In the entries below, find the line with "VELO Groovy Grape" and the line with "Behang Lavendel takken"; give again those lines and every line between them, exactly.

Information given.
·····

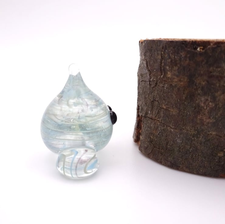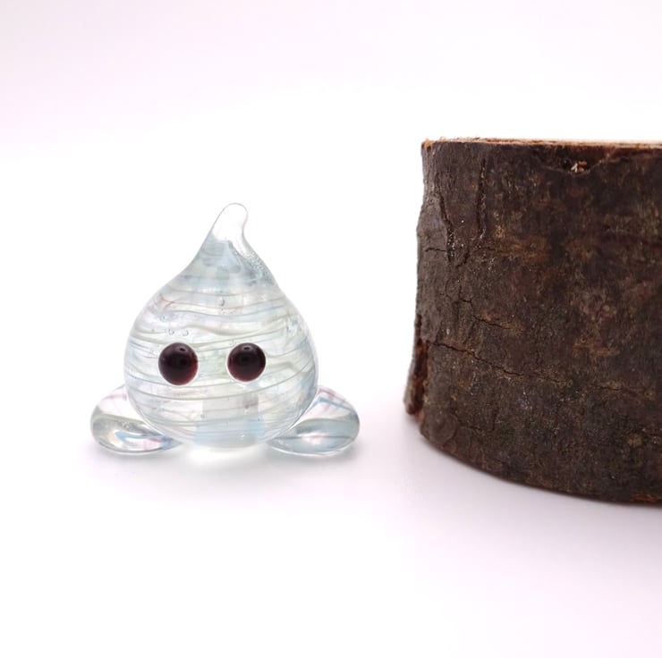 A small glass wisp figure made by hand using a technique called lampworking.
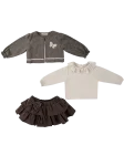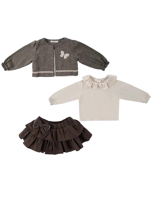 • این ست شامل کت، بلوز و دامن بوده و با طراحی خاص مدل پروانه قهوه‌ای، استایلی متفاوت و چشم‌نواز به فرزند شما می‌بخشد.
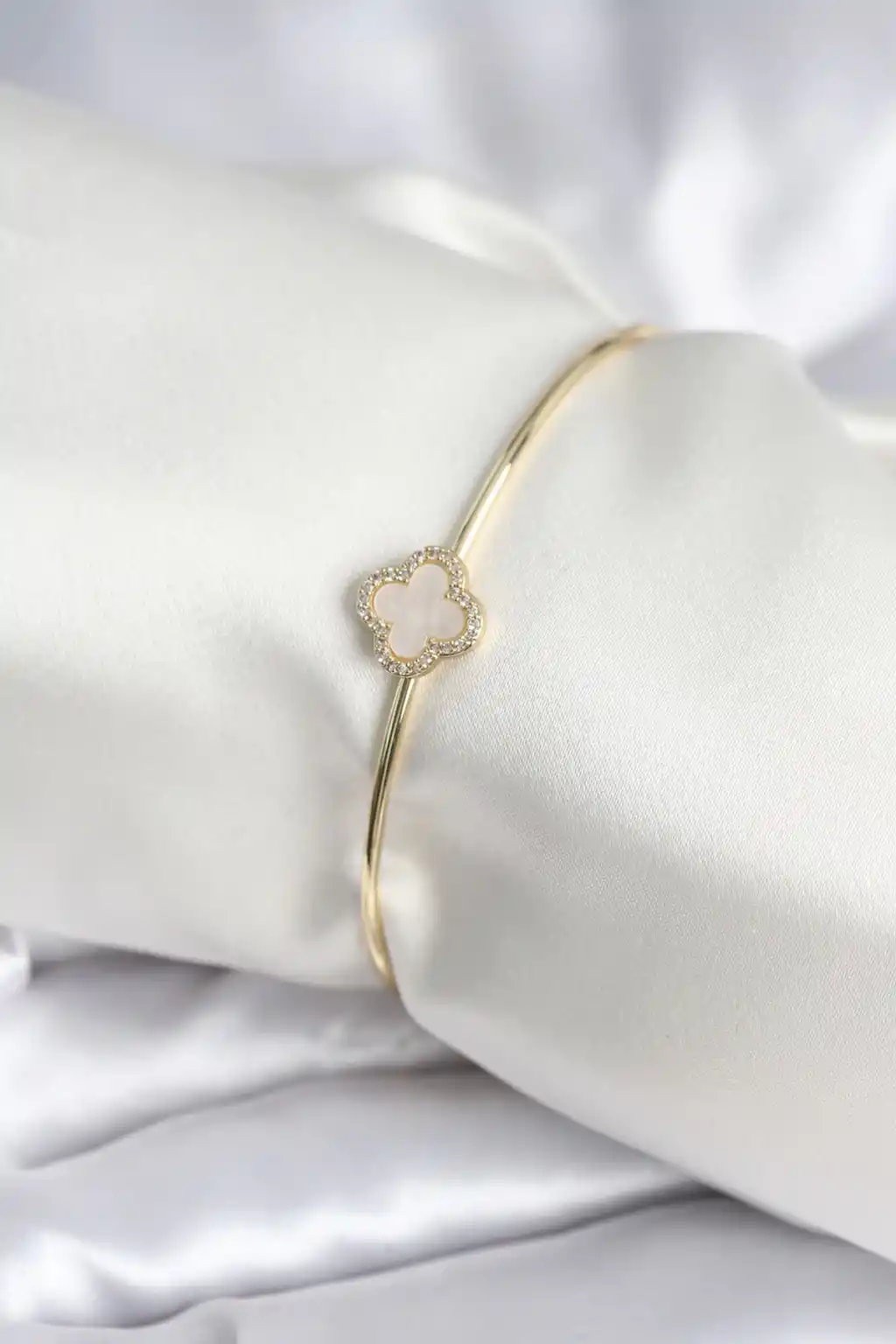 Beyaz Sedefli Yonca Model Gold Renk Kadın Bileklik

·····

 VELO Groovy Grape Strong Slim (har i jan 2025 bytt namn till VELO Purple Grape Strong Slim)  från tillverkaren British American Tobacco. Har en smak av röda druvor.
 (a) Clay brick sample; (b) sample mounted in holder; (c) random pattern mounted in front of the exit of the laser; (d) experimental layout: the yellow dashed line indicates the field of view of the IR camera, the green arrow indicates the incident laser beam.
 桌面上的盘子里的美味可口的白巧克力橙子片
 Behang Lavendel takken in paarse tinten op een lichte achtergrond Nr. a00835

·····

Solution to this task.
 VELO Groovy Grape Strong Slim (har i jan 2025 bytt namn till VELO Purple Grape Strong Slim)  från tillverkaren British American Tobacco. Har en smak av röda druvor.
 (a) Clay brick sample; (b) sample mounted in holder; (c) random pattern mounted in front of the exit of the laser; (d) experimental layout: the yellow dashed line indicates the field of view of the IR camera, the green arrow indicates the incident laser beam.
 桌面上的盘子里的美味可口的白巧克力橙子片
 Behang Lavendel takken in paarse tinten op een lichte achtergrond Nr. a00835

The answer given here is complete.